START DATASET EXTRACT
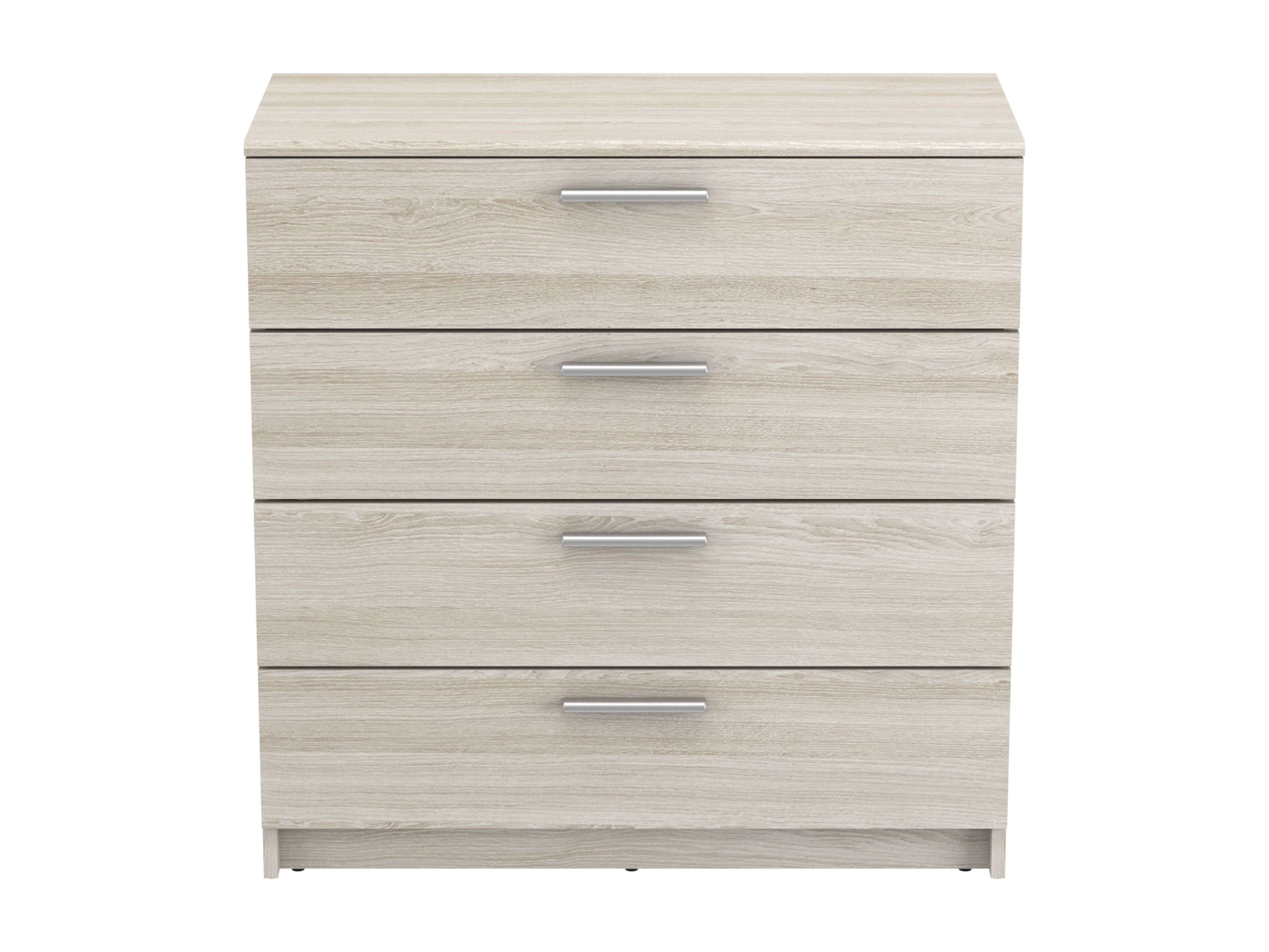 Commode 4 tiroirs avec glissières métalliques, blanc mat Tibet ou chêne cambrien, 74 x 78 cm
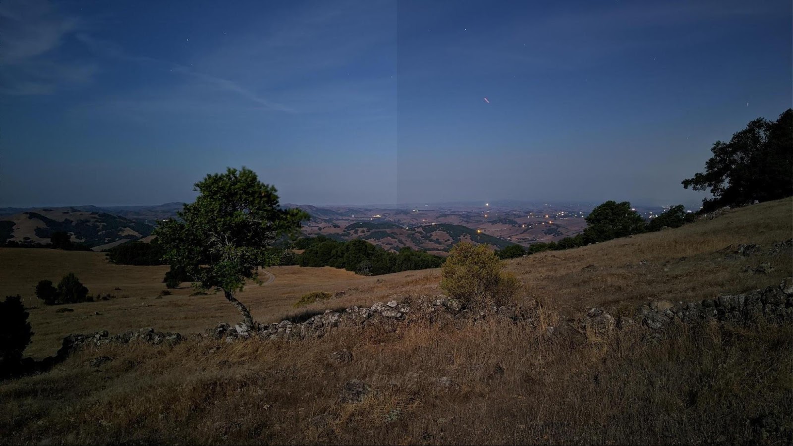 Another issue is scene composition, where it becomes more challenging to show details of the landscape itself at night. Usually, the viewfinder is updated at least 15 times a second, so frame exposure time is limited to just 66 milliseconds. That's hardly enough time to capture enough light, which means the landscape looks really gray. Google solved this by deploying a "post-shutter" viewfinder, displaying each long-exposure frame on screen as soon as it has been captured. This clears up the scene on the viewfinder and helps you compose a shot more easily.
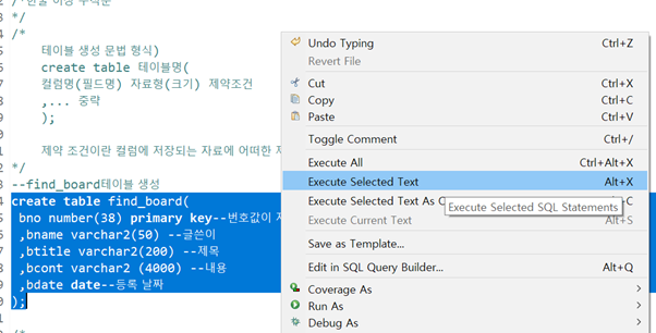여기서 해당 SQL문을 실행하려면, 실행할 SQL문을 블록으로 잡고, 오른쪽 클릭 - Excute Selected Text를 눌러주면 된다. 빠른키는 alt+x이다.
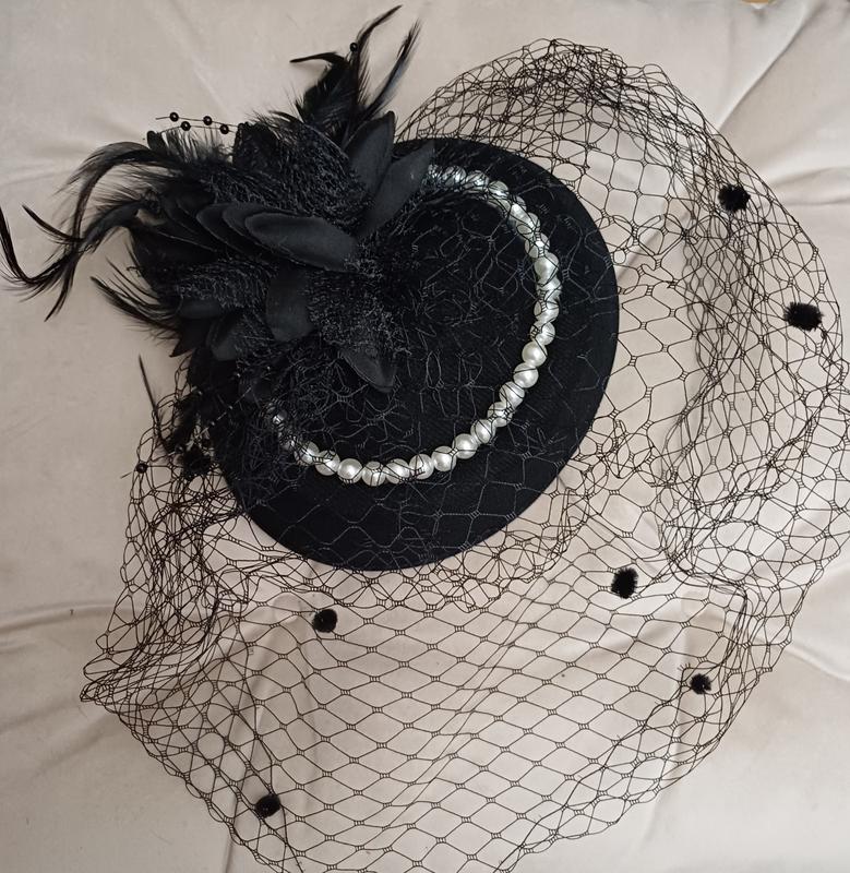 Красивый небольшой шляпка-таблетка в ретро стиле с вуалью для создания романтичного образа. Идеален для тематических вечеринок, корпоративов и фотосессий. Размер 15,5 ×13
END DATASET EXTRACT
__WHAT TO WORK ON__: Word for word, retype all of the data above, but include no pictures.

__SOLUTION TO THIS EXERCISE__:
 Commode 4 tiroirs avec glissières métalliques, blanc mat Tibet ou chêne cambrien, 74 x 78 cm
 Another issue is scene composition, where it becomes more challenging to show details of the landscape itself at night. Usually, the viewfinder is updated at least 15 times a second, so frame exposure time is limited to just 66 milliseconds. That's hardly enough time to capture enough light, which means the landscape looks really gray. Google solved this by deploying a "post-shutter" viewfinder, displaying each long-exposure frame on screen as soon as it has been captured. This clears up the scene on the viewfinder and helps you compose a shot more easily.
여기서 해당 SQL문을 실행하려면, 실행할 SQL문을 블록으로 잡고, 오른쪽 클릭 - Excute Selected Text를 눌러주면 된다. 빠른키는 alt+x이다.
 Красивый небольшой шляпка-таблетка в ретро стиле с вуалью для создания романтичного образа. Идеален для тематических вечеринок, корпоративов и фотосессий. Размер 15,5 ×13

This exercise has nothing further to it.